List of bodies of water in Bali
- Ayung River is a river that rises near Penulisan, on the rim of the Batur crater, and flows almost due south, passing west of Ubud in a deep gorge (overlooked by several five-star resorts) and emptying into the Badung Strait just north of Sanur. The Ayung is Bali's longest river, measuring approximately 75 kilometers from source to mouth. It is popular with white-water rafters, but its rapids do not exceed Level III. The Ayung has a relatively small drainage area, as most of its tributaries run in parallel valleys.
- Tukad Balian is a river that rises on the western slopes of Gunung Batukaru and flows in a southward curve to meet the Bali Strait. It has a length of approximately 33 km.
- Danau Batur is a crater lake that fills the south-eastern side of the Batur caldera. It is Bali's largest lake and has an area of approximately 18 square kilometers. Just as Gunung Agung is revered by Pura Besakih as Bali's largest mountain, Batur is revered by its own temple, Pura Ulun Danu Batur, as Bali's largest lake. Pura Batur is considered Bali's second-most important temple, after Besakih.

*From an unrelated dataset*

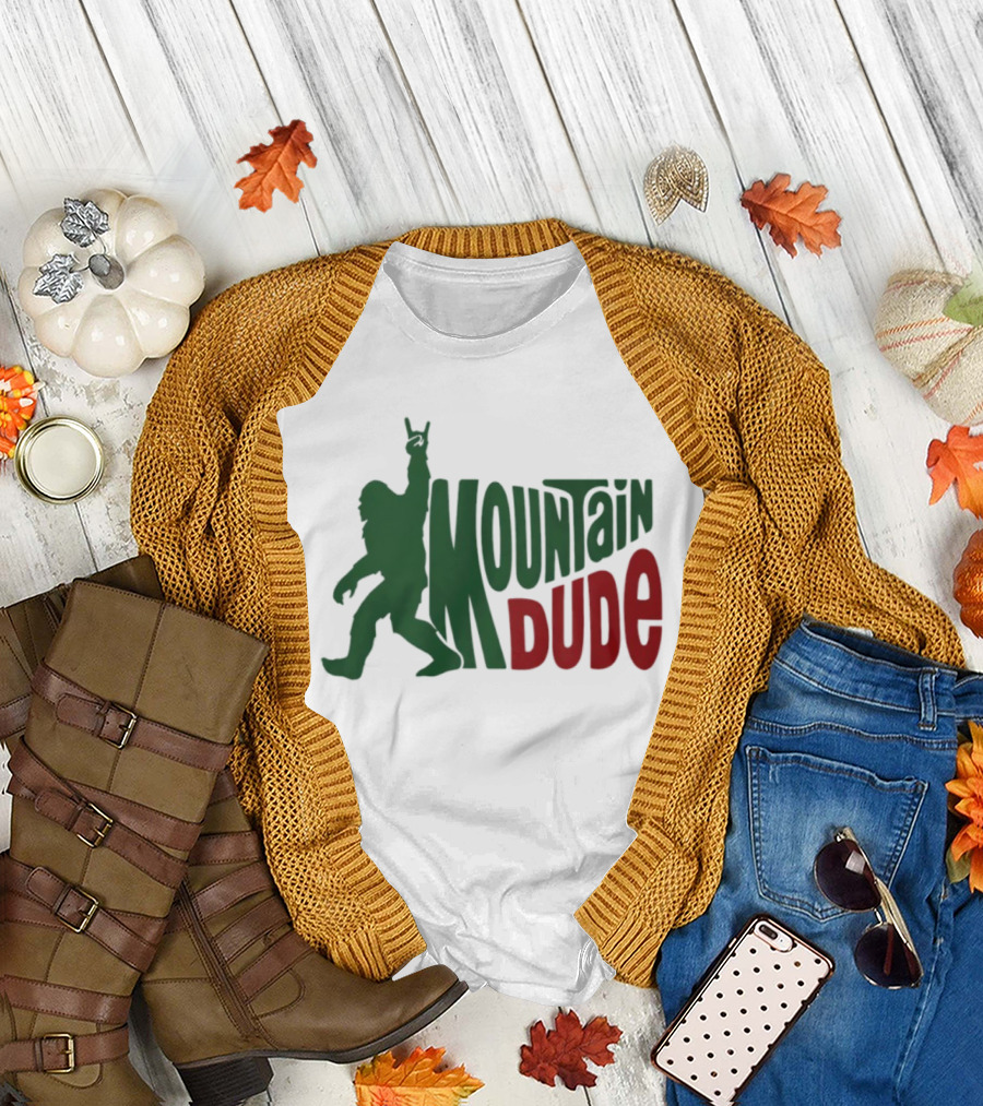 Bigfoot Mountain Dude Dark Green Silhouette With Red Text T-Shirt
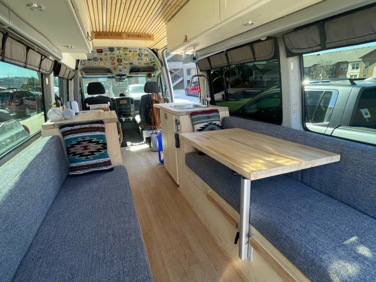 Mercedes Sprinter w/Couches -> Queen Size Bed, Table, Fridge, WiFi & More

- Danau Bratan is a crater lake that lies in the southeastern part of the Bedugul caldera. It is almost square in shape and has an approximate area of 4 square kilometers. Danau Bratan is a holy lake in Balinese mythology, and is home to Pura Ulun Danu Bratan, one of Bali's most important temples.
- Danau Buyan is Bali's second-largest lake (4.5 square km), although it is quite shallow. It is situated below the northern rim of the Bedugul caldera. Unlike Batur and Bratan, Danau Buyan is not especially important in the Balinese religion.
- Tukad Ho, also known, especially in its upper reaches, as Yeh Ho, is a river flowing from the north slopes of Gunung Sengayang in a 180-degree curve, creating the valley between Gunung Adeng and Sengayang, before crossing the western section of Bali's southern plain and emptying into the Bali Strait. Tukad Ho drains large parts of Tabanan regency and is approximately 46 km in length.
- Tukad Matan is a river that flows out of Gunung Batukaru's southern foothills, south across Tabanan regency, and into the Bali Strait. It is approximately 22 km long.
- Tukad Mendaum has its source on the northwestern rim of the Bedugul crater. From there it flows due west, past the village of Munduk (where it passes a fair-sized waterfall), curving north through the town of Banjar towards the Bali Sea. The Mendaum runs parallel to the Tukad Saba for much of its course, and is approximately 28 km long.
- Palasari Reservoir is a small, man-made lake along the Tukad Palareja. Its size fluctuates with the dry and wet seasons, but is usually around 0.3 square km in size.
- Tukad Saba is a significant river that originates on the northern slopes of Gunung Batukaru and flows at first in a westerly direction, then in a curve northward to empty into the Bali Sea near Seririt. In terms of drainage, the Saba is one of Bali's largest rivers and is the largest that empties along the north coast. The Saba has an approximate length of 36 km. As the Saba flows through the relatively arid area of Buleleng, it often dries to a trickle, especially during dry season. The Saba creates a large valley that allows easy access over Bali's mountain chain along one of the north-south roads.
- Danau Tamblingan is a small crater lake at the northwestern edge of Bedugul caldera. It is far smaller than the lakes it shares the caldera with (Buyan and Bratan), but is a popular one among hikers. There are at least 31 temples around the 115 hectares of Tamblingan lake, but recently the lake's water level frequently rise and flooded some houses due to worse of ecosystem.